Ich habe diese Tage den Philoktet und die Trachinierinnen gelesen, und die letztern mit besonders großem Wohlgefallen. Wie trefflich ist der ganze Zustand, das Empfinden, die Existenz der Dejanira gefaßt! Wie ganz ist sie die Hausfrau des Herkules, wie individuell, wie nur für diesen einzigen Fall passend ist dieß Gemälde, und doch wie tief menschlich, wie ewig wahr und allgemein. Auch im Philoktet ist alles aus der Lage geschöpft, was sich nur daraus schöpfen ließ, und bei dieser Eigenthümlichkeit des Falles ruht doch alles wieder auf dem ewigen Grund der menschlichen Natur.

Es ist mir aufgefallen, daß die Charaktere des Griechischen Trauerspiels, mehr oder weniger, idealische Masken und keine eigentliche Individuen sind, wie ich sie in Shakespear und auch in Ihren Stücken finde. So ist z. B. Ullysses im Ajax und im Philoktet offenbar nur das Ideal der listigen, über ihre Mittel nie verlegenen, engherzigen Klugheit; so ist Kreon im Oedip und in der Antigone bloß die kalte Königswürde. Man kommt mit solchen Charakteren in der Tragödie offenbar viel besser aus, sie exponiren sich geschwinder, und ihre Züge sind permanenter und fester. Die Wahrheit leidet dadurch nichts, weil sie bloßen logischen Wesen eben so entgegengesetzt sind als bloßen Individuen.

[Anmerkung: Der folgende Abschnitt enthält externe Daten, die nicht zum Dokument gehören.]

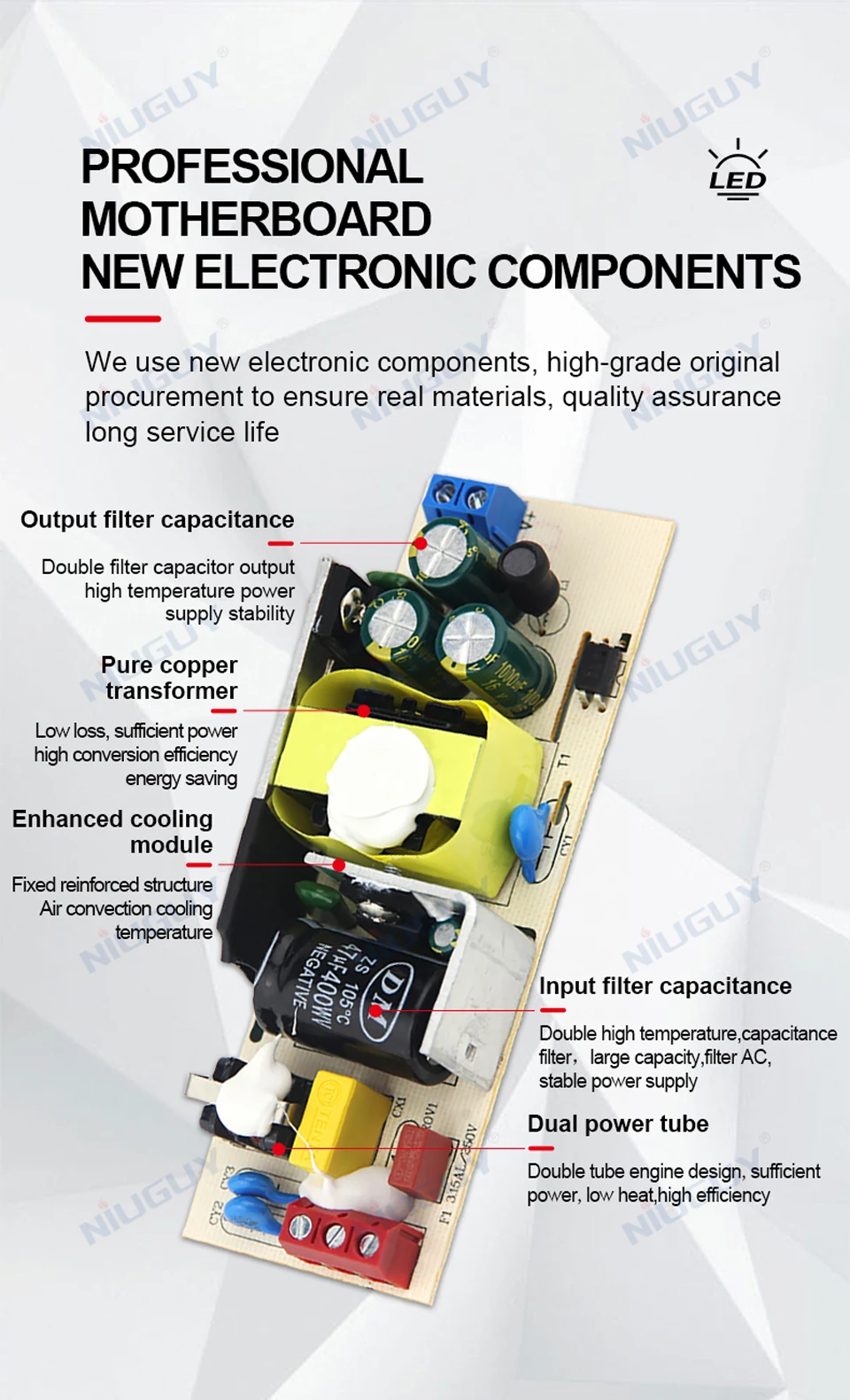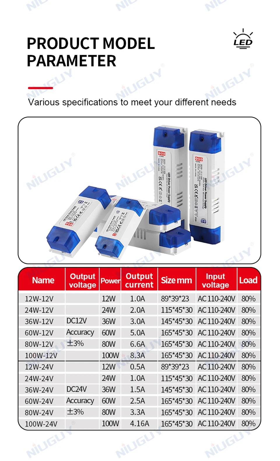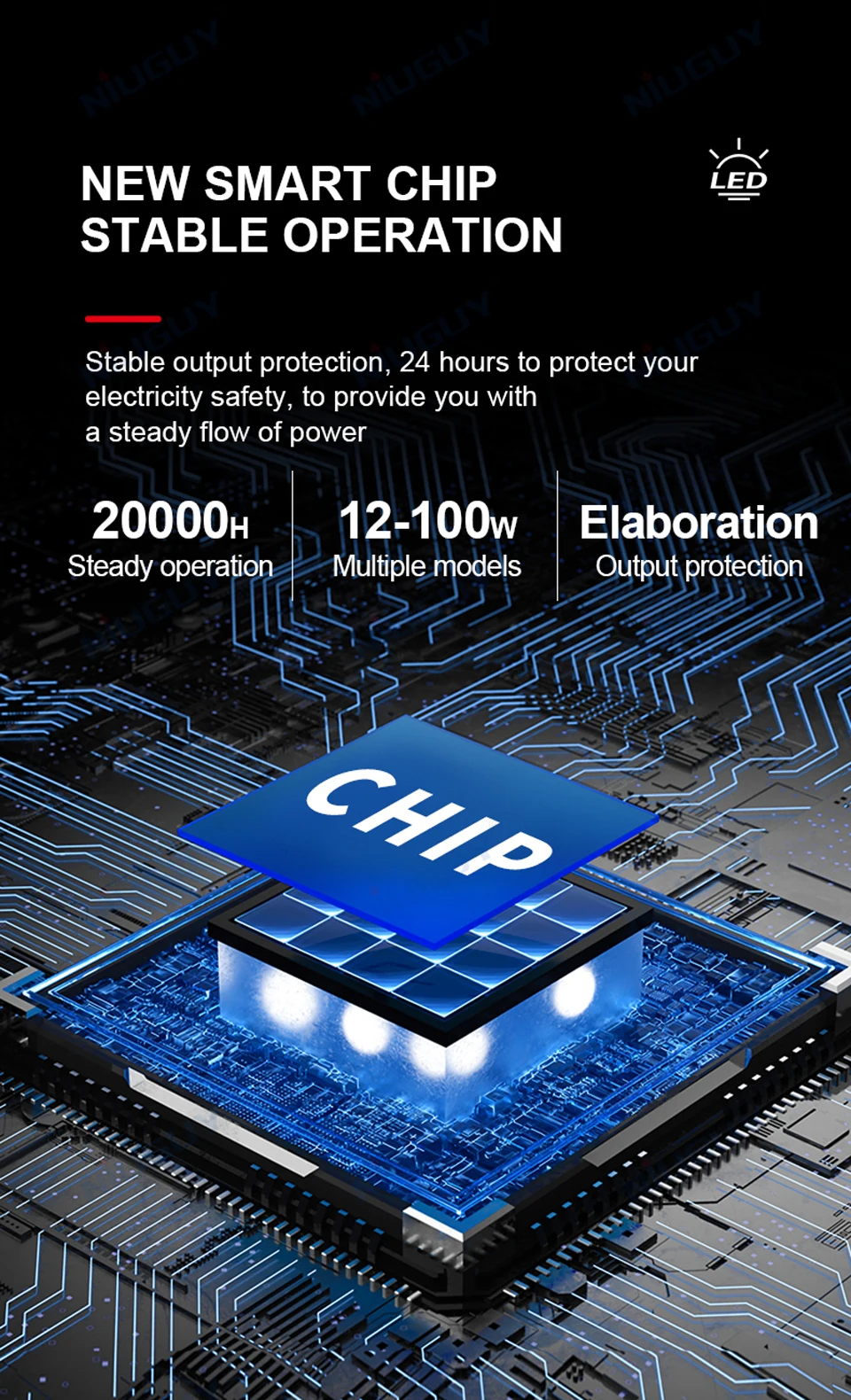 1.Puissance : 12W / 24W / 36W / 60W / 80W/ 100W

Ich sende Ihnen hier, pour la bonne bouche, ein allerliebstes Fragment aus dem Aristophanes, welches mir Humboldt dagelassen hat. Es ist köstlich, ich wünschte den Rest auch zu haben.

Dieser Tage bin ich mit einem großen prächtigen Pergamentbogen aus Stockholm überrascht worden. Ich glaubte, wie ich das Diplom mit dem großen wächsernen Siegel aufschlug, es müßte wenigstens eine Pension herausspringen, am Ende war’s aber bloß ein Diplom der Akademie der Wissenschaften. Indessen freut es immer, wenn man seine Wurzeln weiter ausdehnt und seine Existenz in andere eingreifen sieht.

Ich hoffe bald ein neues Stück Cellini von Ihnen zu erhalten.

Leben Sie recht wohl, mein theurer, mir immer theurer Freund. Mich umgeben noch immer die schönen Geister, die Sie mir hier gelassen haben, und ich hoffe immer vertrauter damit zu werden. Leben Sie recht wohl.

Jena den 4. April 1797.

Sch.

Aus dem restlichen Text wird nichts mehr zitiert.